To understand what would make a successful community network in many communities in Africa, we must start with the drivers within the community. In the community, I currently work with, in Ocean View where there is very high unemployment, somebody would create a food garden, a hair solon, or a cell phone repair business because they can earn a living from this. For adults there is generally no time for a side pursuit building a network because it fascinates you when you need to put food on the table for your family; experimenting with computer networks as a hobby is however often still possible for children and university students.

 

Although, this may even be frowned upon by the purists in the community network movement, tools are needed in a community like Ocean View that allow a community network to operate like hybrid between a small WISP and a community network where some members of the community network can earn a fulltime living, and some can supplement their income.
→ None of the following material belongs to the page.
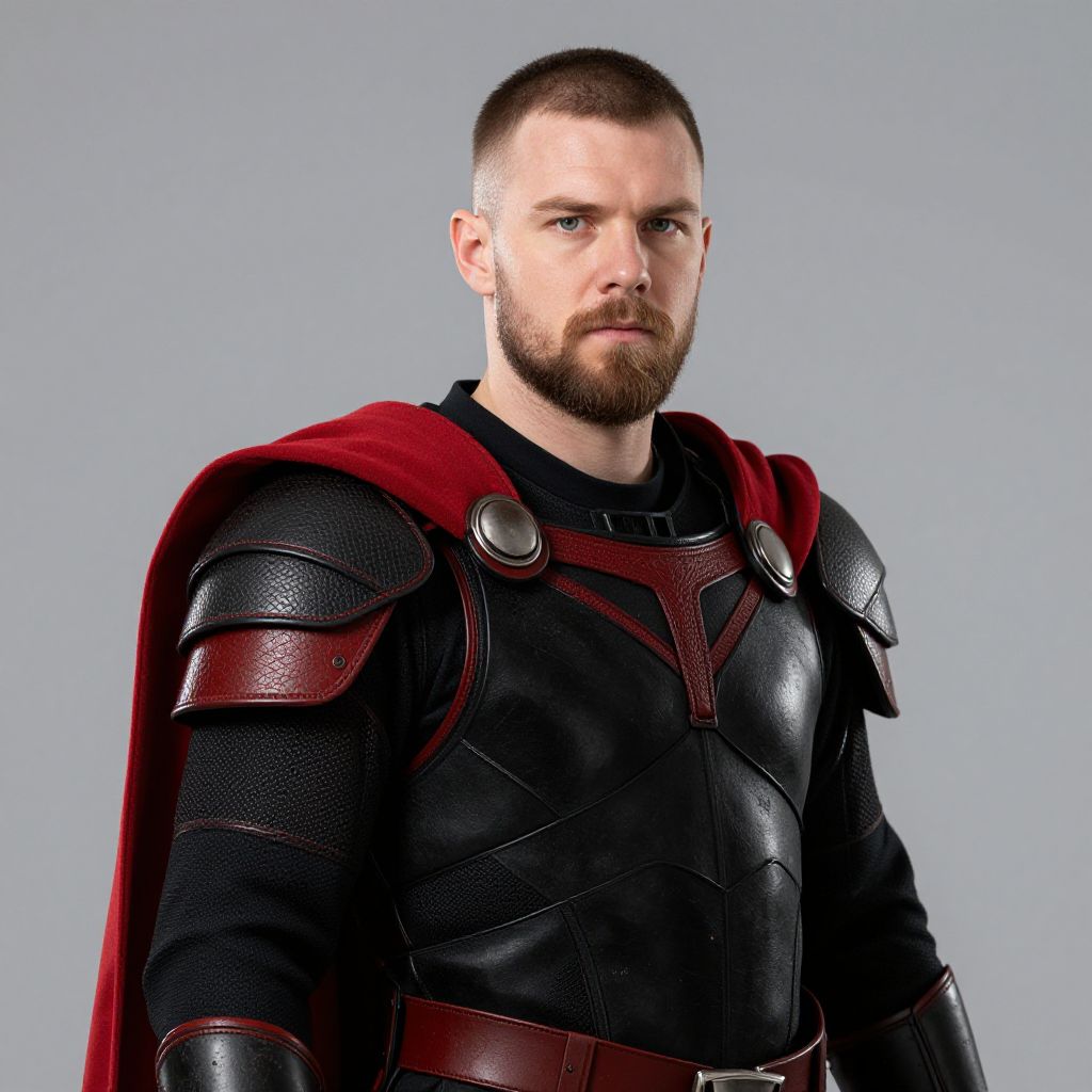 Man with short hair and beard wearing a black and red armor with a red cape.

A pure WISP like TooMuchWiFi acts as an external party to the community – employing local community members, whereas the Ocean View community network will still be a community-owned and community-centred networks as the owners and decision makers in the network are from the community.

 

Most of the resources in Ocean View, including food, data, goods, and services – approximately 70% according to a community member – come from outside the community. If more local businesses could be built that supply and exchange these resources, unemployment could be reduced, and a local economy could grow. Most data is purchased from mobile operators and the amount of income spent on data may be between 10 and 15%. If just 5% of Ocean View’s income could be spent on a local community network, this could start a virtuous cycle of employment for local community members and the potential to circulate some of this income to other local businesses; including digital services that can be hosted on the network. To help create a circular economy a local community inclusion token can help incentivize community members to use local businesses.

 

This is what the “Incentivized network and localized services growth with blockchain-based community inclusion tokens” ISOC project is all about – bootstrapping a local economy in the community by using a local-owned network and community inclusion token as a catalyst. The Community Inclusion Token (CIT) will be used to purchase data and other local goods and services from businesses that accept the token.

 

A CIT linked to data is always a good place to start as everyone needs data and its value is well understood. If you think about it people already trade airtime. For example, people can send each other airtime for helping with a task or for exchanging some goods. We would simply be replacing this airtime –which is an externally owned token ­– with a locally owned token that encourages local spending on a local community network or other local goods and services. The local community network will also charge between 80 and 90% less than a mobile operator, thus saving the community a large amount of their typical monthly spend on data or providing much more data for their typical spend and supporting local businesses.